Minot Municipal Auditorium
- Interactive map of Minot Municipal Auditorium
- Location: Minot, North Dakota
- Coordinates: 48°14′01″N 101°17′57″W﻿ / ﻿48.23361°N 101.29917°W
- Owner: City of Minot
- Capacity: 5,000
- Public transit: Minot City Transit

Construction
- Opened: 1954

Tenants
- Magic City Snowbears (IBA) (1996–2001) Minot SkyRockets (CBA) (2006–2009)

= Minot Municipal Auditorium =

Building in North Dakota, United States

The Minot Municipal Auditorium is a 5,000-seat multi-purpose arena in Downtown Minot, North Dakota.
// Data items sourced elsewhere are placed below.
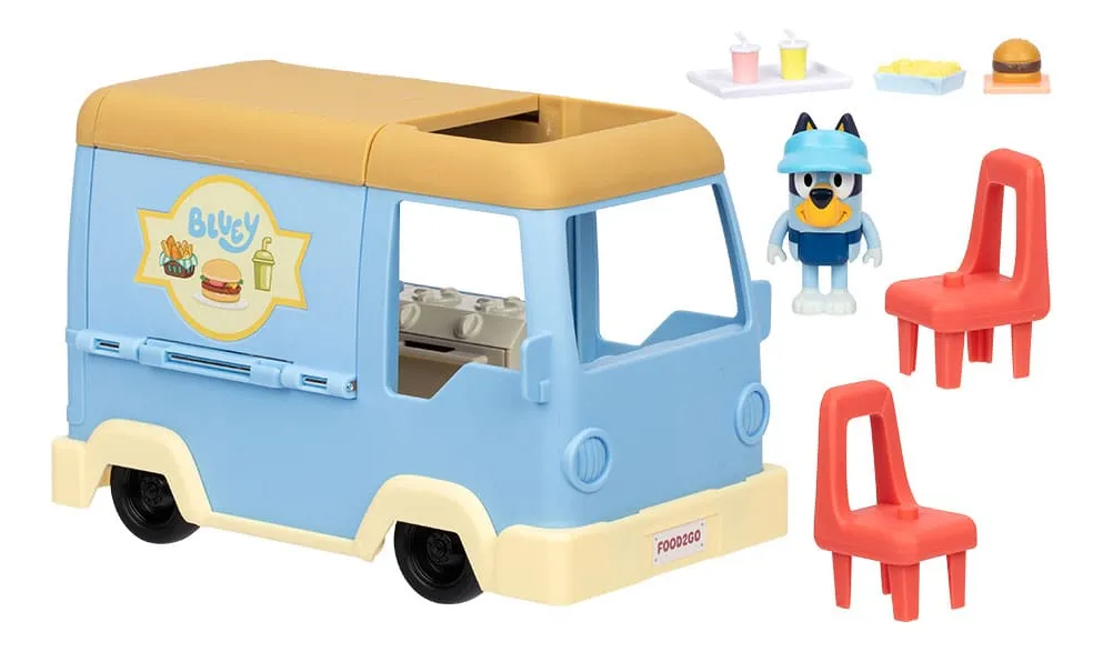 Bluey Food Truck es un juguete transformable 2 en 1 que invita a los chicos a recrear escenas del show y vivir aventuras gastronómicas con la familia Heeler. Este camión de comidas rápidas se puede empujar como vehículo y también abrirse para convertirse en un restaurante completo. El set incluye figuras exclusivas de Bingo y Bandit, diseñadas con brazos y cuerpo móviles para mayor realismo en el juego. Los chicos podrán imaginar que cocinan, sirven y disfrutan de las comidas más divertidas de la serie, fomentando el juego simbólico, la creatividad y la narración de historias. Ideal para niños y niñas a partir de 3 años, este playset combina lo mejor de los vehículos y escenarios en un solo producto, y se complementa con otras figuras y sets de Bluey para ampliar la colección.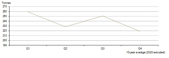 10-year average quarterly gold consumption (jewellery + investment)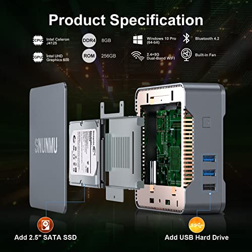 - [Pequeño pero potente] - Mini PC con ntel Celeron J4125 (caché de 2 MB, hasta 2,7 Ghz), ofrece una increíble capacidad de respuesta y fluidez en comparación con Ιntel Celeron J3544. Cambie fácilmente entre aplicaciones con memoria DDR4 de 8GB y almacenamiento en disco de estado sólido mSATA de 256GB. Muy rápido y sin retrasos ni saltos.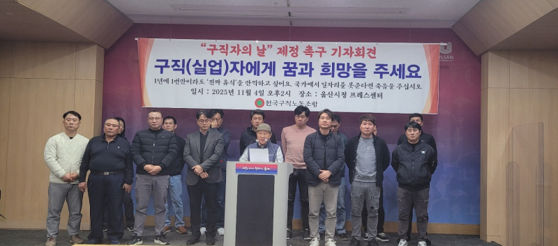 전국구직노동조합이 구직노조는 4일 울산시청에서 기자회견을 갖고 구직자의 날을 법정기념일로 제정할 것을 촉구하고 나섰다.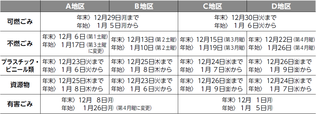年末は12月26日(金)まで収集します。粗大ごみ収集の申し込みは、年内の収集が可能な件数に達し次第、受付終了します。年始は1月5日(月)から電話受付を開始します。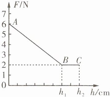 (选填“$AB$”或“$BC$”)段表明物体所受浮力的大小随其排开液体的体积的改变而改变。(3)圆柱体由 $h_{1}$ 到 $h_{2}$ 的过程中,其下表面所受水的压强增大,所受浮力
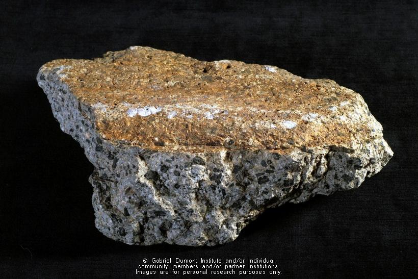 This image (by Peter Beszterda) is of one of three stone fragments collected from St. Peter's Mission School in Montana. Louis Riel taught at this mission in the mid-1880s. They were collected by Dennis and Jean Fisher and their sons in 1974. They are part of the Dennis and Jean Fisher Collection. This collection contains archaeological artifacts taken from the battlefields of the 1885 Resistance as well as Fort Pitt (Saskatchewan), Cumberland House (Saskatchewan) and St. Peter's Mission, Montana. The collection also includes various artifacts and ephemera relating to the 1885 Resistance and Gabriel Dumont. |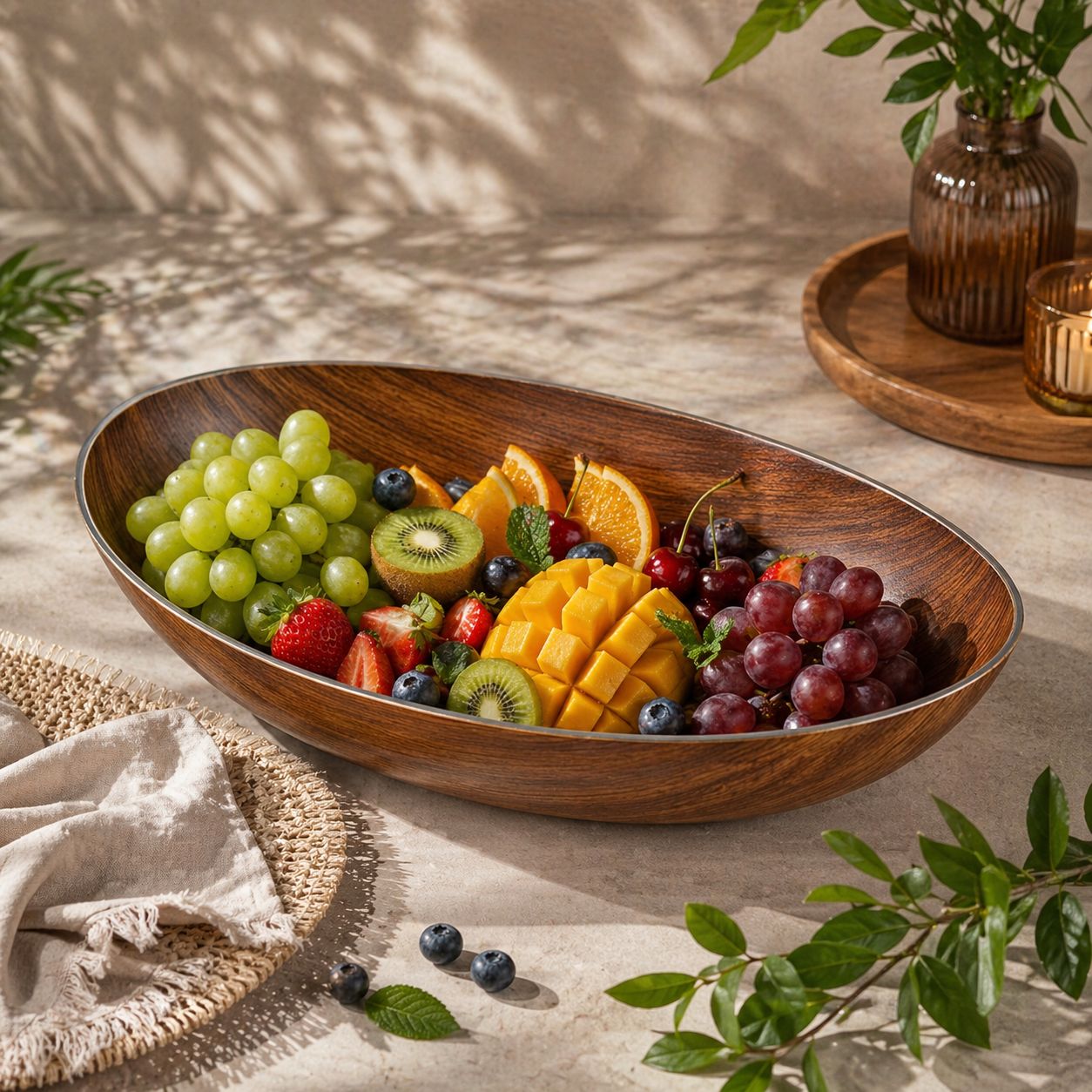 LARGE OVAL WOOD STYLE SERVING BOWL 25×35.5CM

It was built in 1954. It hosts conventions and sporting events, primarily basketball, and competes with the MSU Dome and All Seasons Arena for local events. It was the home of the Minot SkyRockets basketball team. The auditorium is also the location of the municipal court, Minot Park District office, and transfer hub for Minot City Transit.

==Notable performances==
Notable performances at the venue include The Beach Boys (1966), Johnny Cash (1967), Kiss (1974), Rush (1977), Metallica (1989), Puddle of Mudd, Papa Roach and Kansas (2012), and Marilyn Manson (2015).

==2011 Souris River Flood==
The facility was used as a shelter for the evacuees during the 2011 Souris River flood. The facility was also used as a Federal Emergency Management Agency registering office during the 2011 Souris River flood.